Studio album by Busby Marou
- Released: 17 February 2017
- Length: 36:21
- Label: Warner Music Australia
- Producer: Jon Hume

Busby Marou chronology
| Farewell Fitzroy (2013) | Postcards from the Shell House (2017) | The Great Divide (2019) |

Singles from Postcards from the Shell House
- "Getaway Car" Released: October 2016; "Best Part of Me" Released: March 2017; "Paint This Land" Released: April 2017; "Got Your Back" Released: February 2018; "Full Moon" Released: November 2018;

= Postcards from the Shell House =

Postcards from the Shell House is the third studio album by Australian blues and roots band Busby Marou. The album was released on 17 February 2017 and debuted at number 1 on the ARIA albums chart becoming the band's first number-one album.
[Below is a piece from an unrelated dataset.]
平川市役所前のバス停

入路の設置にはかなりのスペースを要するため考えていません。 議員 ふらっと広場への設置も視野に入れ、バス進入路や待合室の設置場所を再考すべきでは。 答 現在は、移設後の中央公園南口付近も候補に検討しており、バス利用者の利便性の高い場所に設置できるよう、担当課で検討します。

Just prior to the album's release Busby Marou said "With this album for us, it's kind of make or break; we've spent so much time and money [on it], we've thrown everything into this one. We needed it to be successful; as much as we love it, it's also our livelihood."

==Reception==
Hamish Geale from The Examiner called the album "some of their best work to date, on what is a consistent if not systematic collection of songs." adding "The pair have cemented their own sound; showcasing elegant vocal harmonies atop upbeat acoustic guitar work."

==Track listing==

| No. | Title | Writer(s) | Producer(s) | Length |
|---|---|---|---|---|
| 1. | "Best Part of Me" | Thomas Busby; Jeremy Marou; Jon Hume; | Jon Hume | 3:05 |
| 2. | "Got Your Back" | Busby; Marou; Hume; | Hume | 3:00 |
| 3. | "Getaway Car" | Busby; Marou; David Ryan Harris; | Hume | 3:05 |
| 4. | "Drink the World Dry" | Busby; Alex Hope; | Hume | 3:00 |
| 5. | "Paint This Land" | Busby; Lindsay Rimes; Phil Barton; | Hume | 4:34 |
| 6. | "Full Moon" | Busby; Marou; Hope; | Hume | 3:01 |
| 7. | "Every Day in Between" | Busby; Marou; Kav Temperley; Michael Fatkin; Christopher Panousakis; | Hume | 3:11 |
| 8. | "Living in a Town" | Busby | Hume | 3:14 |
| 9. | "Those Were the Days" | Busby; Marou; Hume; | Hume | 4:18 |
| 10. | "Sleep On It" (featuring Nat Dunn) | Busby; Natalie Dunn; Keelan Kenneth; | Hume | 3:40 |
| 11. | "The Story" | Busby; Steve Ruchleman; | Hume | 3:17 |

==Charts==
===Weekly charts===

| Chart (2017) | Peak position |
|---|---|
| Australian Albums (ARIA) | 1 |

===Year-end charts===

| Chart (2017) | Position |
|---|---|
| Australian Artist Albums (ARIA) | 41 |

==Release history==

| Region | Date | Format | Label | Catalogue |
| Australia | 17 February 2017 | CD; digital download; streaming; | Warner Music Australia | 9760100786 |
| 21 April 2017 | LP | 9760100792 |

==See also==
- List of number-one albums of 2017 (Australia)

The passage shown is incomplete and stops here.